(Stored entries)
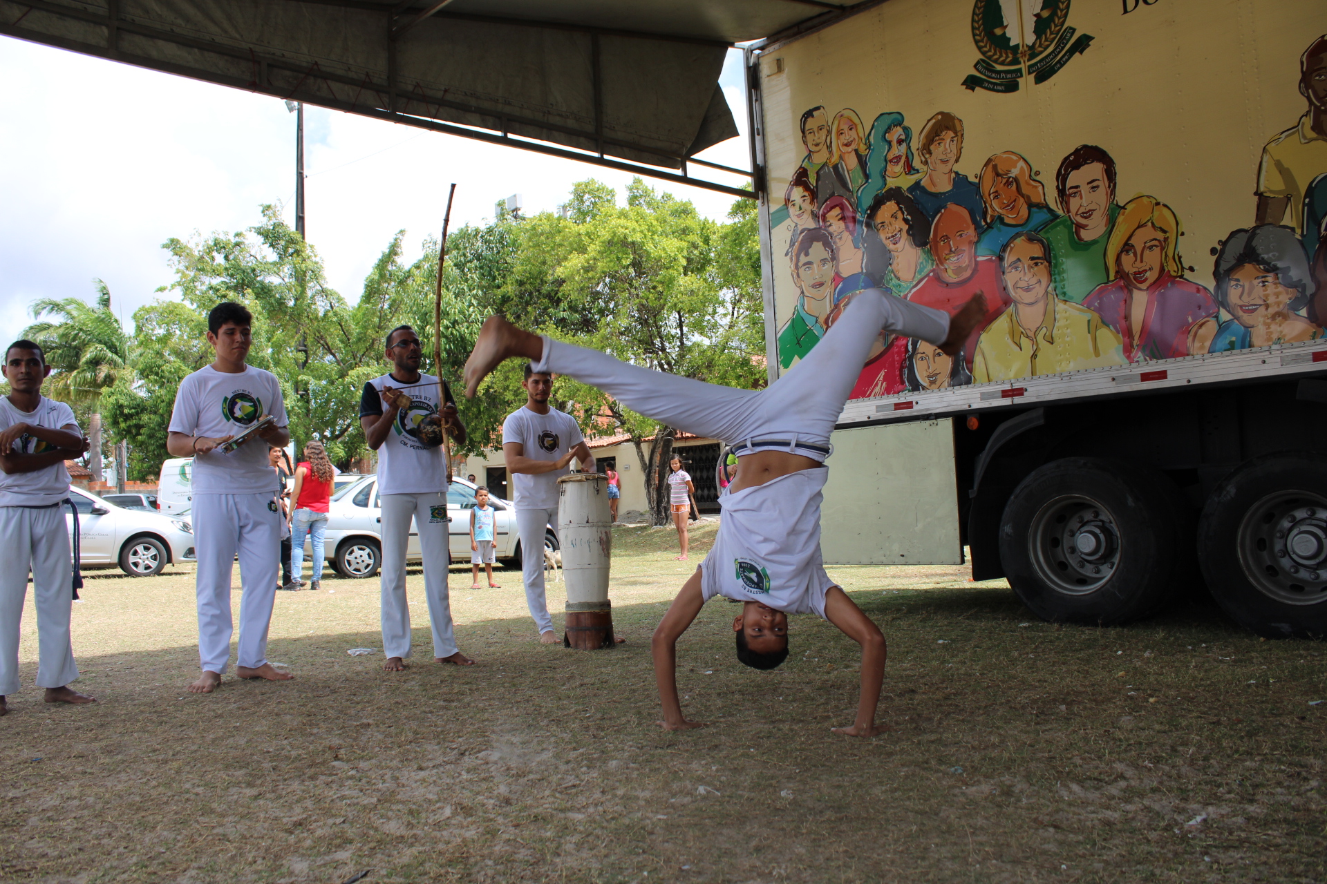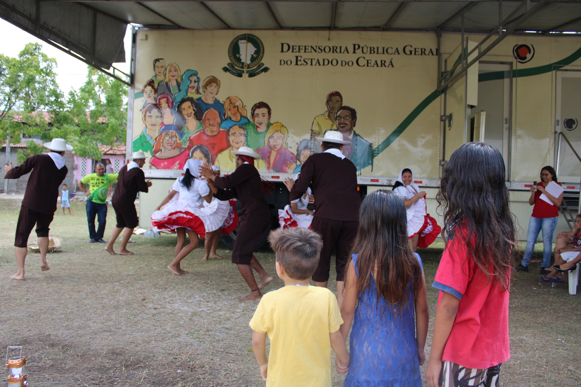 Durante toda a manhã, o projeto Defensoria em Movimento esteve estacionado no campo de futebol da comunidade. O objetivo é chegar a lugares onde a população tem dificuldades de acesso à justiça. Por isso, o projeto circula em diversos bairros de Fortaleza e localidades do Interior do Estado. Com a estrutura, a população pôde acessar seus direitos, entrar com ações judiciais e esclarecer dúvidas.
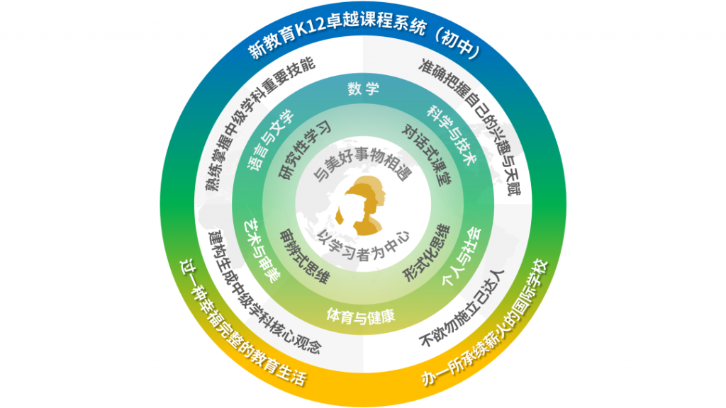 初中学生成长目标:建构生成各个学科核心观念(中级),熟练掌握各个学科核心技能(中级),能持守“不欲勿施、立己达人”的信念与世界良性互动,能找到自己真正感兴趣且拥有天赋的领域。
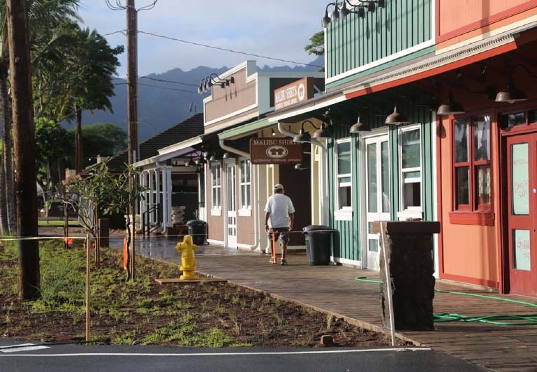 The new Hale‘iwa Store Lots walkway begins on the Mokulēʻia side of the project in front of Uncle Bo's restaurant and passes Clark Little Galleries, Greenroom, and Malibu Shirts.
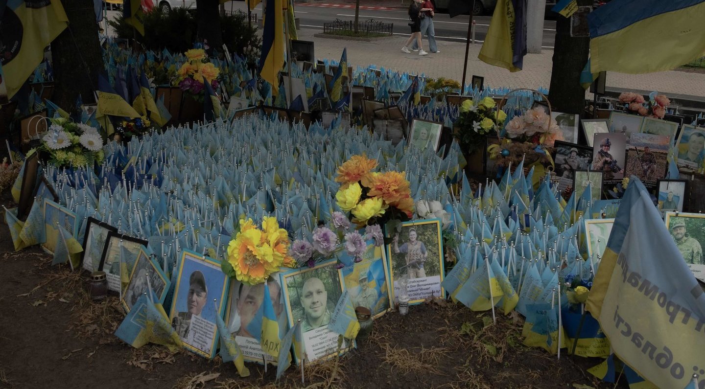 Kyjivo centrinėje – Maidano aikštėje – įrengtas lauko memorialas, kuriame išdėliotos Ukrainos vėliavos ir žuvusiųjų nuotraukos, kurių skaičius su kiekviena Rusijos ataka vis didėja.
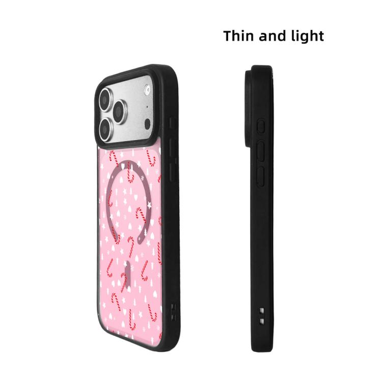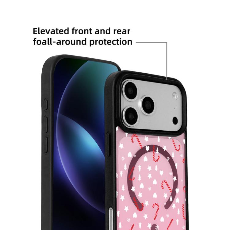 Funda magnética resistente con borde negro pintado de la serie navideña para iPhone 17 Pro Max (rosa dulce semitransparente).
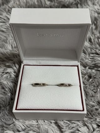 祈結(いのり)というしめ縄のようにねじれたデザインの指輪です。見た目の可愛さと「縁を結ぶ、契を結ぶ」という意味が込められているところに惹かれました。旦那さんもわたしももともとシルバーアクセサリーが好きなのでプラチナの素材を選び、ホーニングという加工を施してもらい素敵なものができました。
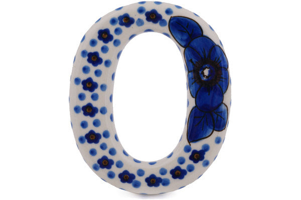 This Polish pottery Number is made by Ceramika Artystyczna workshop in Boleslawiec, Poland. Manufacturer item number H6736G. It is ¼" high and measures 4" by 3¼". The weight of this Number is 0.2 lbs. The pattern was designed by artist Jacek Chyla. It is part of the Cobalt Poppies Collection.
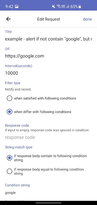 1. Configure la URL, el intervalo, el método de condición, el texto correspondiente a la condición, etc.
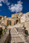Visitors walk through the ancient alleys of Matera. Historic buildings rise above stone steps. Bright sky adds to the scenery.
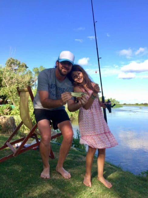 Le frère de Baptou est un passionné de pêche. La pêche en Argentine est apparement quelque chose de réputé. Nous avons donc loué une voiture pour partir à l’aventure. Arrivés là-bas, nous avions des cabanes qui donnaient sur la rivière où nous allions pêcher le lendemain. Cabane partagée avec Marion et Clovis bien sûr, mais aussi Dario, Yannick et deux des nièces de Dario. C’est ça l’Argentine, on partage tout. Tout le monde boit dans le même verre, à la même « bombilla » (paille) de maté. Ce côté convivial est très agréable et fait directement penser qu’on fait juste partie d’un ensemble.
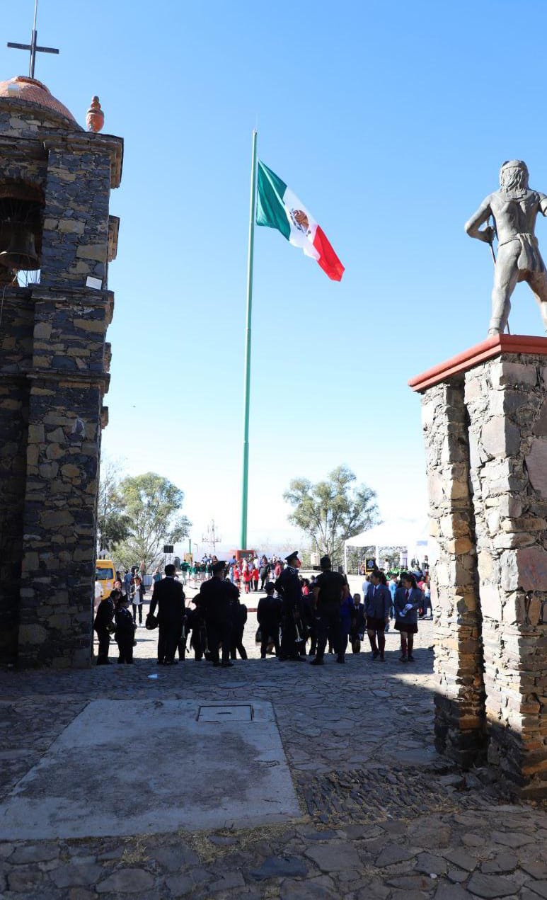 Con un emotivo acto cívico en la explanada del Cerro de la Reina, autoridades municipales, estudiantes, regidores, cuerpos de seguridad y ciudadanos de Tonalá celebraron el Día de la Bandera.
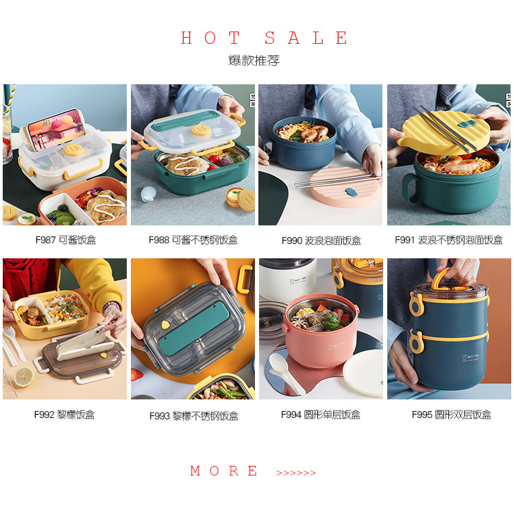 方形简约便携便当盒不锈钢午餐盒打工人便签午饭盒成人饭盒批发
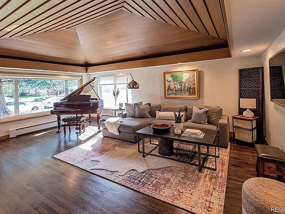 Welcome to Holly Hills and the coolest Mid-Century Modern Ranch Ranch in the neighborhood! Updated with accents of the original architectural features. And the coolest part of the location is, it's in the Cherry Creek school district! Original Geneva metal cabinets, Corian counters, and stainless appliances in the Kitchen. Hardwood floors, pocket doors, built-in cabinetry, architecturally eye-catching living room ceiling with a modern flare, vintage tile and a main floor double-sided fireplace with stacked stone. A kitchen Breakfast nook works well as informal dining or kids home-school workstation. Featuring a pass-through to the dining room with a pull-up serving table, built-in buffet, and access to the spacious covered patio and backyard. This lot and floorplan is an entertainer's dream for parties and small gatherings! Enjoy 3 bedrooms on the main floor, a vintage guest bathroom and a fully remodeled master bathroom! The fully finished basement includes a happy ?? bath, laundry, Gym area, and a sound-insulated media room with surround sound. An oversized 2 car garage that faces south west for easy snow melt and sunlit warmth coming in the front windows! Both Air Conditioning (AC- installed 9/20) as well as Radient heating, however, the AC can also do HEAT in case there is ever an issue with the Radiant heat! Located close to everything awesome: including, shops on Hampden and Colorado; Parks and Trails as well as Light Rail and local public golf courses!
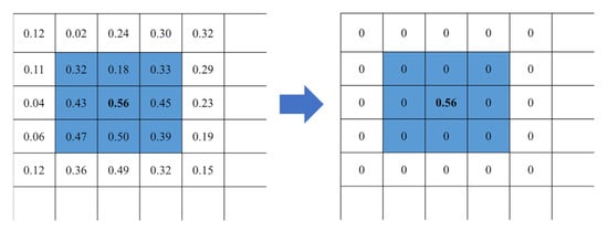 In the inference stage, the local maximum value of the heatmap is taken as the keypoint position. As can be seen from Figure 6, all the response points on the heatmap are compared with their eight adjacent points. If the response value of the point is greater than or equal to its eight adjacent points, it is retained. After finding the maximum position of the neighborhood, only the loss of offset is calculated for this point.

* [What you need to do]
Above are some records. Output exactly the lines from the one that contains "1. Configure la" to the one that contains "Visitors walk through", keeping both, and omit the pictures.

* [Written reply]
 1. Configure la URL, el intervalo, el método de condición, el texto correspondiente a la condición, etc.
Visitors walk through the ancient alleys of Matera. Historic buildings rise above stone steps. Bright sky adds to the scenery.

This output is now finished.